PROVIDED DATA Block Start

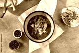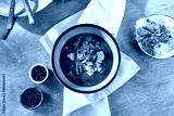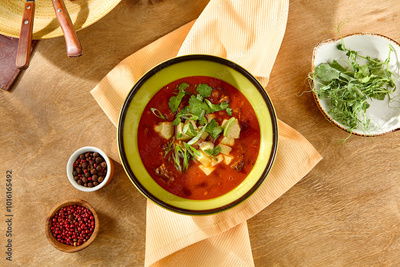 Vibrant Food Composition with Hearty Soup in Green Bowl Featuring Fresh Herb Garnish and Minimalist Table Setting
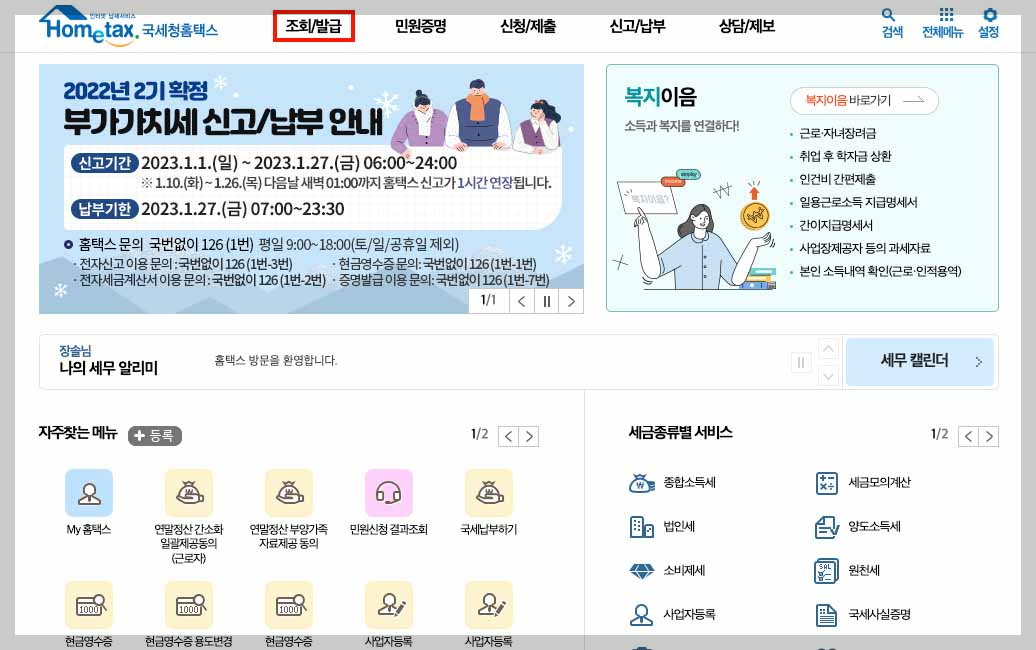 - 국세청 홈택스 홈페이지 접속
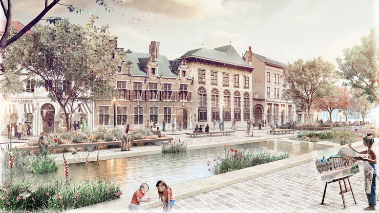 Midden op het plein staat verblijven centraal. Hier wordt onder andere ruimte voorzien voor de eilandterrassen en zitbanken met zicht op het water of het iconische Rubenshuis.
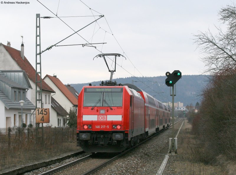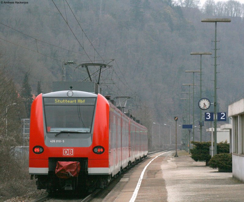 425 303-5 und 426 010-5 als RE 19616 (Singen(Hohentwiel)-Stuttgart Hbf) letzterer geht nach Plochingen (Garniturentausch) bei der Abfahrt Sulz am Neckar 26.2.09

PROVIDED DATA Block End
PROVIDED DATA Block Start

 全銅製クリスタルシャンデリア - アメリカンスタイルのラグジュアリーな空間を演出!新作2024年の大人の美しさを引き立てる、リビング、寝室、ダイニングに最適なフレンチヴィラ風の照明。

PROVIDED DATA Block End
PROVIDED DATA Block Start

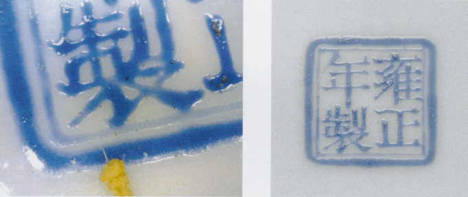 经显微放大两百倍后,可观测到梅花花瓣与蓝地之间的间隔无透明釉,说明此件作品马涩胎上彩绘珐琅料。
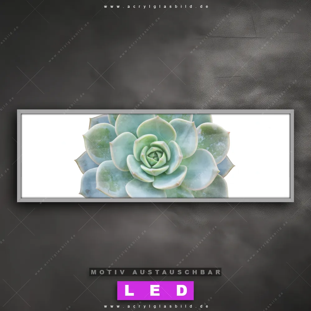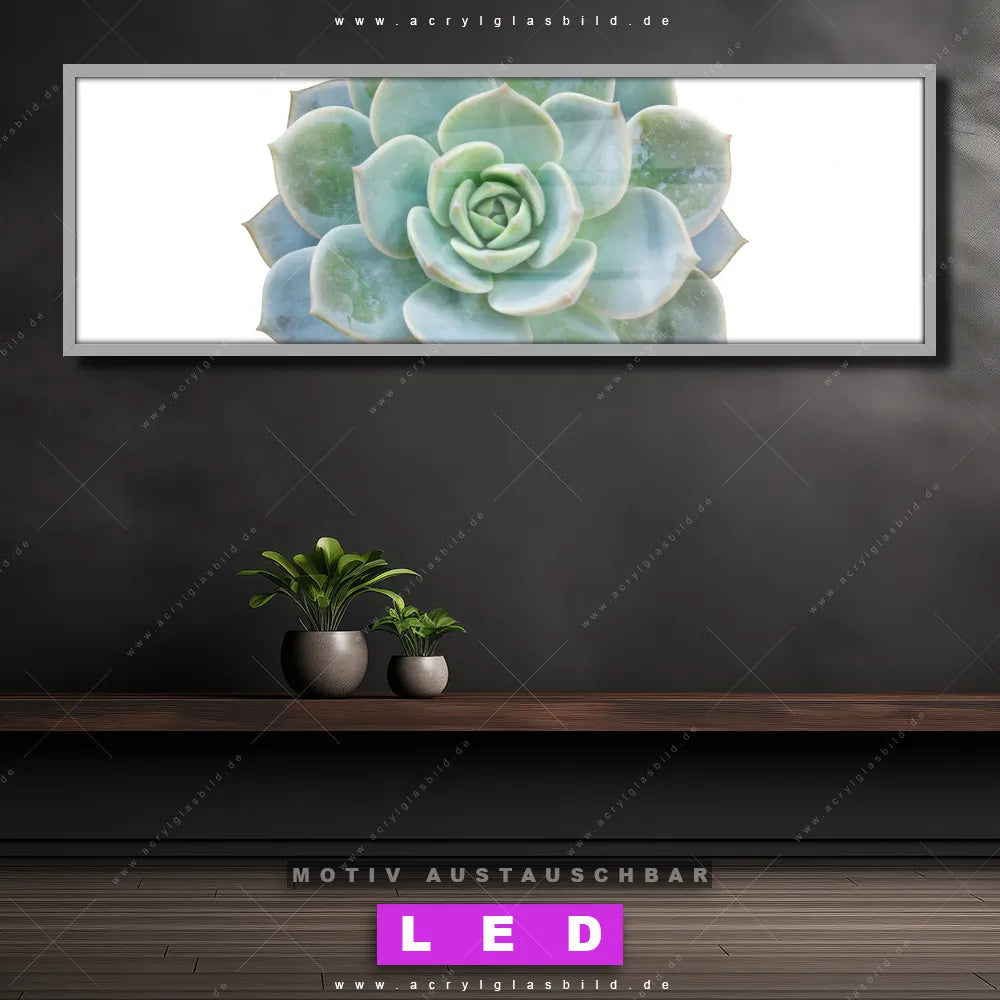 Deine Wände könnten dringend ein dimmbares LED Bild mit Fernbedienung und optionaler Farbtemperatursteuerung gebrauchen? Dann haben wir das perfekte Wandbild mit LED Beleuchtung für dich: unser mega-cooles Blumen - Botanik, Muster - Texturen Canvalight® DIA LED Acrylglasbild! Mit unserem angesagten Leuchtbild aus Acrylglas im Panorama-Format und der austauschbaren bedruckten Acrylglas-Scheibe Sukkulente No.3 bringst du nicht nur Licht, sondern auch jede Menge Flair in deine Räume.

PROVIDED DATA Block End

# TRY IT
Look above for the line with "经显微放大两百倍后,可观测到" and the line with "Deine Wände könnten", then restate exactly those two lines and all lines between them, with no pictures.

# OUTPUT OF THE TASK
 经显微放大两百倍后,可观测到梅花花瓣与蓝地之间的间隔无透明釉,说明此件作品马涩胎上彩绘珐琅料。
 Deine Wände könnten dringend ein dimmbares LED Bild mit Fernbedienung und optionaler Farbtemperatursteuerung gebrauchen? Dann haben wir das perfekte Wandbild mit LED Beleuchtung für dich: unser mega-cooles Blumen - Botanik, Muster - Texturen Canvalight® DIA LED Acrylglasbild! Mit unserem angesagten Leuchtbild aus Acrylglas im Panorama-Format und der austauschbaren bedruckten Acrylglas-Scheibe Sukkulente No.3 bringst du nicht nur Licht, sondern auch jede Menge Flair in deine Räume.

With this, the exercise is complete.